Your goal - The output is a word-for-word repeat of the listing below, free of images.

Recorded data -
- Opening Delimiter -
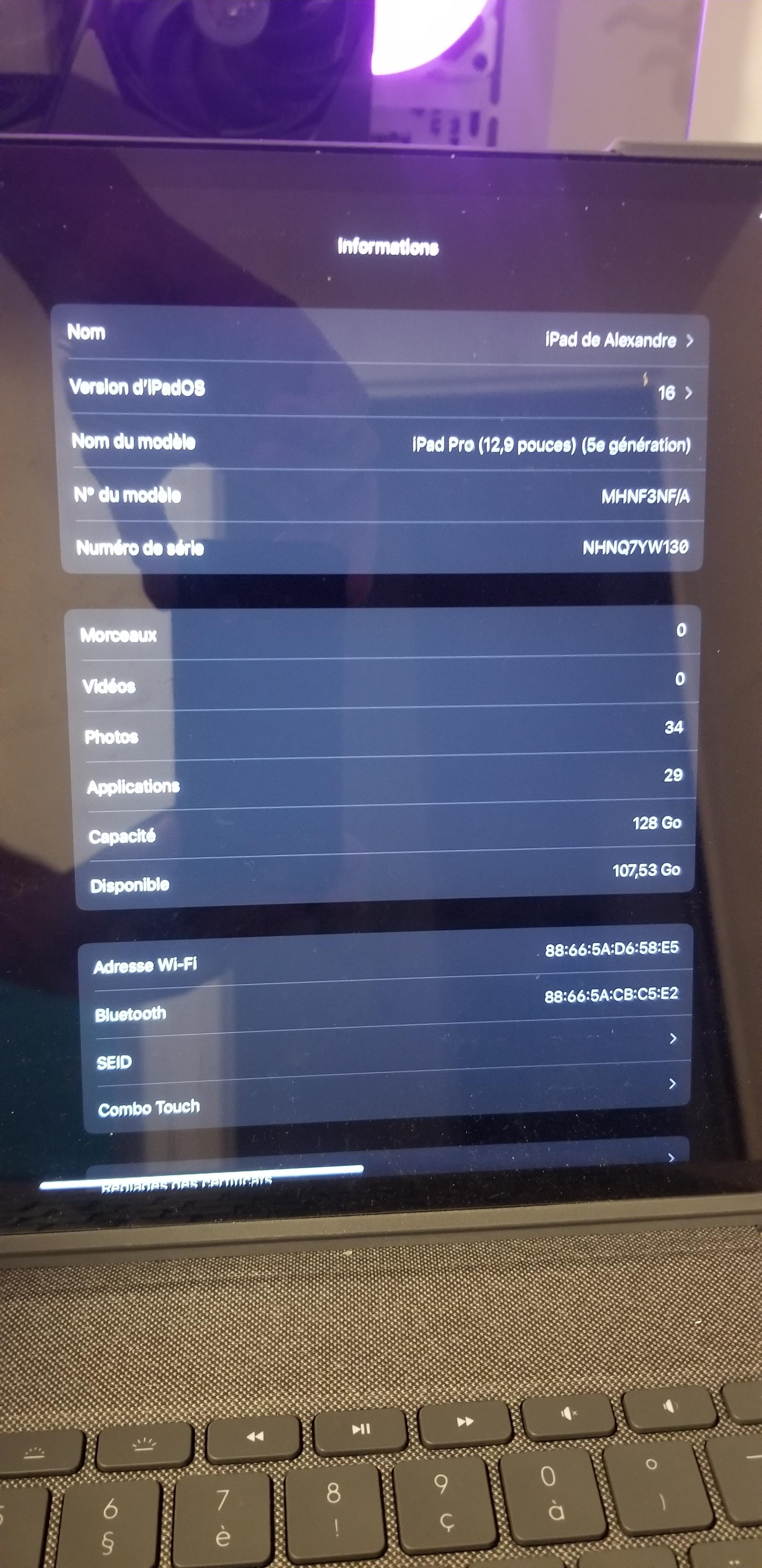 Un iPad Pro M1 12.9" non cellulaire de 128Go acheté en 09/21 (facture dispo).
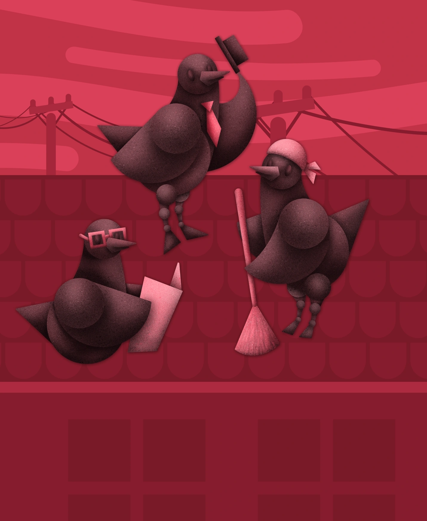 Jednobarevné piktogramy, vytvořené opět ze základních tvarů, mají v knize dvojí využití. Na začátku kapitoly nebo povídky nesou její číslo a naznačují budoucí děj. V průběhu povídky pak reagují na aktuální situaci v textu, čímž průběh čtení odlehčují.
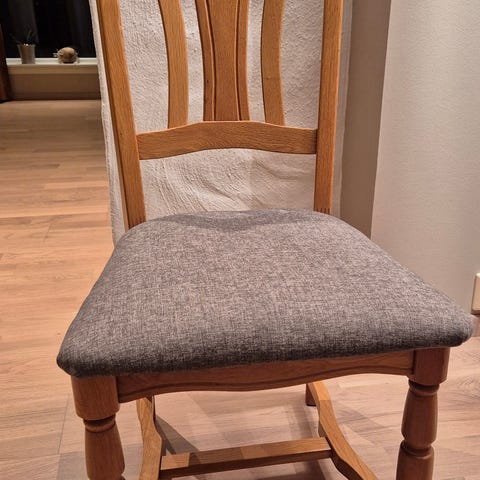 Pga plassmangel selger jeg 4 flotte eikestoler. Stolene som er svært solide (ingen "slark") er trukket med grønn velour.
- Closing Delimiter -
Result of the exercise -
 Un iPad Pro M1 12.9" non cellulaire de 128Go acheté en 09/21 (facture dispo).
 Jednobarevné piktogramy, vytvořené opět ze základních tvarů, mají v knize dvojí využití. Na začátku kapitoly nebo povídky nesou její číslo a naznačují budoucí děj. V průběhu povídky pak reagují na aktuální situaci v textu, čímž průběh čtení odlehčují.
 Pga plassmangel selger jeg 4 flotte eikestoler. Stolene som er svært solide (ingen "slark") er trukket med grønn velour.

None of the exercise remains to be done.